Damn. OK, I know some people who would be happy with this, but this was not in the plan! I wanted to bring Major back more slowly so he wouldn’t be such a stupid hot head…

But I took the tack off my spinning horse (who did not think we were done already) and did the weigh in, before I unceremoniously dumped my saddle on the ground and told them my SO would be back to get it (I was not retacking my idiot horse). I walked back into camp, surprising my waiting SO (who thought we’d be back later, so did I!) and issuing demands to help sponge my horse (SO is very tolerant, I apologize later).
"Circle your horse!" What?

We went and vetted in, pulse was already 56 and dropping. All A’s, completion success! I was happy about that part, a healthy horse, who proceeded to literally try and drag me around camp, certainly not tired! We went down to the creek, a much nicer place to clean him up with lovely running cool water. I did go back an hour later and did the best condition judging, where I had no idea how to run my horse in a circle and probably weaved about like a drunk!
coming back from the creek
in the meadow

hills and hiney

There was an early LD award ceremony (where we did not get BC) but top 10 did get a pair of gloves and everyone got a shirt. A lot of folks left, but we were waiting for friends to come back from the 50 (so tough and hot) and have dinner too. Major napped on his high-tie, finally relaxed, and ate another pan of mash (he loves these weekends just for the mash!).

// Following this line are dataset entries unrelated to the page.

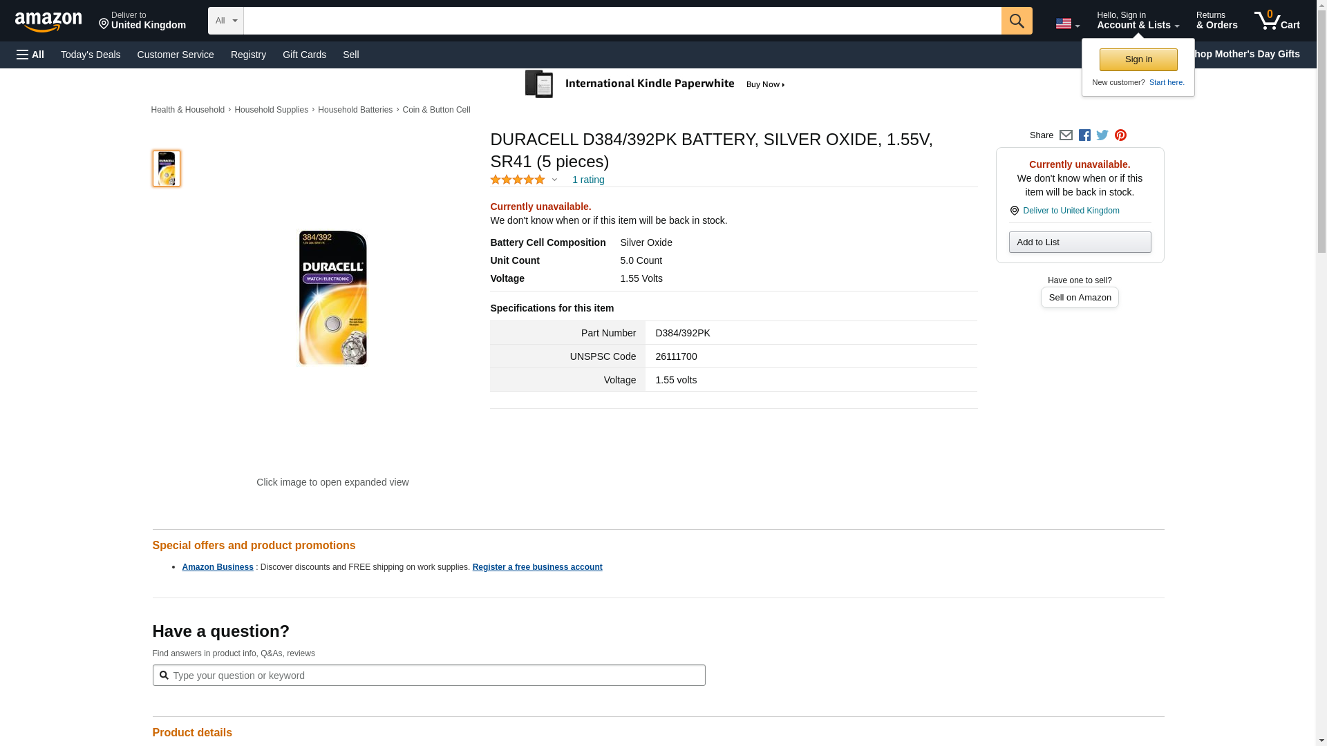 Duracell Battery, Silver Oxide, 1.55V, Sr41 - D384/392PK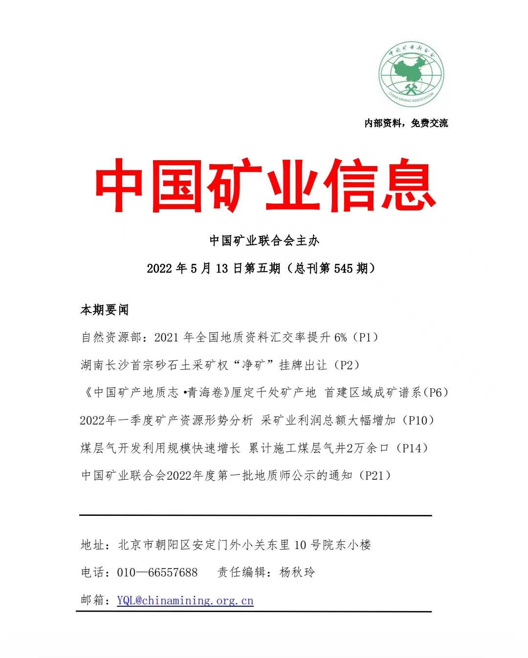 中國(guó)礦業(yè)網(wǎng):《中國(guó)礦業(yè)信息》2022.5.13第五期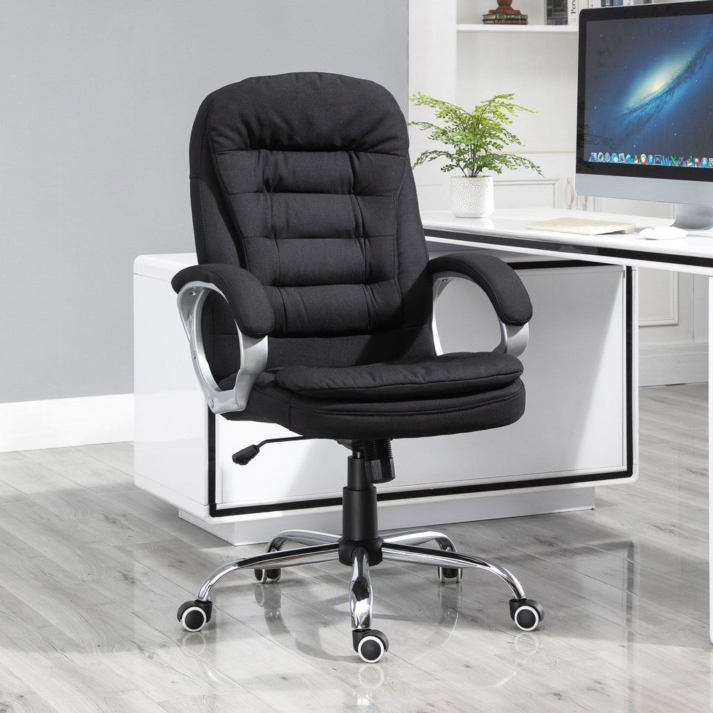 Made with supreme comfort and style in mind, this grey office chair from Vinsetto is the perfect accompaniment for you. Its ergonomic design ensures you are correctly supported whilst seated thanks to the adjustable height, high armrests and high back, helping to decrease any ache that can occur from incorrect seating. Padded all over for maximum comfort. A 360-¼? swivel base for easy movement, with linen upholstery to finish that allows your skin to breath. An ideal desk chair for you.

So I am both happy and disappointed in this successful finish. I really think the first part of the ride was just standard crazy, not too fast. But I think we got through the vet check so much faster, and then maintained pace. It really wasn’t until the last 6-8 miles that I wanted to leave my horse behind (there were ride and tie folks on trail, maybe they would have taken him!)

Major was exceptionally naughty trying to catch horses ahead on trail. I need to work on him listening to me and not playing chase. Oddly, the last half was much worse than the first. I had a lot of fun doing the 25, but I think Major needs to move back up to the 50s and learn how to rate himself (and listen to me).
at home: a perfect dust bath

Through I’ll the stress, I’m glad I did it. I don’t know how much endurance I’ll be able to do this year, but I have a bit more confidence that with some remedial training we might be able to have some fun.
I do not like your ideas, small human.